EUROPEAN FX UPDATE: market mood and moves remain very temperamental

Analysis details (10:32)

DXY

Broad risk sentiment is still hanging on almost every headline from Russia and Ukraine or pertaining to the ongoing conflict ahead of a second round of peace talks between the two nations that are scheduled to take place today. In the meantime, levels of anxiety, stress and uncertainty are elevated and only rivalled by volatility or manifesting in knee-jerk, sporadic price action. However, the Dollar remains mixed overall and the index appears to have gravitated around the 97.500 mark as a fulcrum within recent wide ranges to meander from 97.668 to 97.389 in the run up to a busy US agenda on paper. Indeed, Challenger Lay-Offs precede IJC, labour costs, final Markit services and composite PMIs, the non-manufacturing ISM and Fed Chair Powell at the Senate for part two of his semi-annual testimonies.

AUD/CAD    

The Aussie and Loonie continue to ‘outperform’ or find protection from bearish factors via strength in underlying commodities, like copper and crude to name just two, while the latter is also leaning back on Wednesday’s hawkish BoC hike for some fundamental support. Hence, Aud/Usd is holding close to 0.7300 after stalling only 3 pips shy of the 200 DMA (at 0.7326 today) on the back of a wider trade surplus, Aud/Nzd has broken above 1.0750 and Usd/Cad is hovering on the 1.2600 handle after breaching the round number when WTI topped Usd 116.50/brl.    

CHF

Stronger than forecast Swiss CPI data may be behind the Franc’s bounce from sub-0.9200 lows against the Buck, but it continues to outpace the Euro on safe-haven grounds as the Russian invasion rumbles on.
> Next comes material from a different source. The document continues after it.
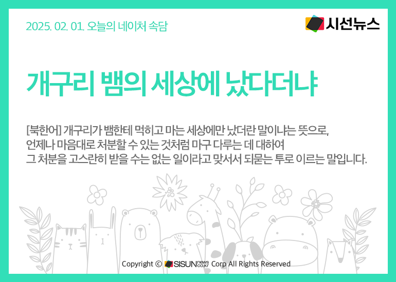 오늘의 네이처속담은 <개구리 뱀의 세상에 났다더냐>입니다.
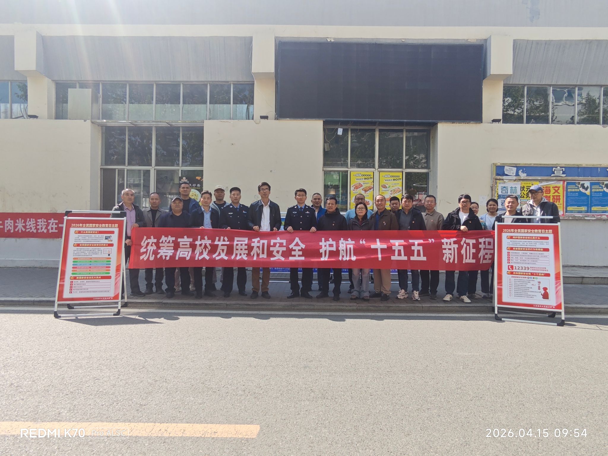 为迎接第十一个全民国家安全教育日,增强师生国家安全意识与防范风险能力,丰富校园安全文化,为“十五五”开局营造安全稳定的校园环境,4月15日上午,江苏海洋大学保卫处、郁洲派出所与电子工程学院在第一食堂北侧联合启动了“4·15”全民国家安全教育日系列宣传活动。学校保卫处、郁洲派出所及电子工程学院相关负责人出席活动。

Indeed, Eur/Chf is back under 1.0200 and markedly lower than other Eur crosses irrespective of a further retracement in EGBs amidst less dovish sounding ECB rhetoric.

EUR/JPY/GBP/NZD

All trailing in wake of the Greenback and the Euro flagging again as noted above given more adverse knock-on effects from the Russia–Ukraine war. Eur/Usd has retreated through 1.1100 to sustain negative technical momentum towards a key downside chart level (1.1040 Fib retracement), while the Yen is still hampered by the yield backlash after Tuesday’s FTQ that is dampening its own allure as a safe-haven. Usd/Jpy is elevated within a 115.44-81 range pre-Japanese jobs data and the US labour report on Friday. Elsewhere, Sterling has relinquished 1.3400+ status and the Kiwi is capped ahead of 0.6800 following marginal misses in UK final services and composite PMIs and pre-NZ manufacturing sales.

SCANDI/EM

Some rare hawkish sounding noises from the Riksbank in recognition of upside inflation risks is helping the Sek avoid a steeper decline on risk dynamics, while the Nok is getting it’s normal insulation from Brent that almost reached Usd 120/brl at best. Meanwhile, the Huf got a hawkish boost from the NBH that jacked up the 1 week repo rate by 75 bp, the Pln can rely on more direct NBP intervention for traction and the Cny/Cnh were cushioned from fallout after a slowdown in China’s Caixin services PMI as the PBoC set a firm onshore mid point fix. Conversely, the Rub is depreciating appreciably again and the Try seems destined for another swoon on the back of Turkish CPI and PPI metrics that exceeded already hyped up expectations.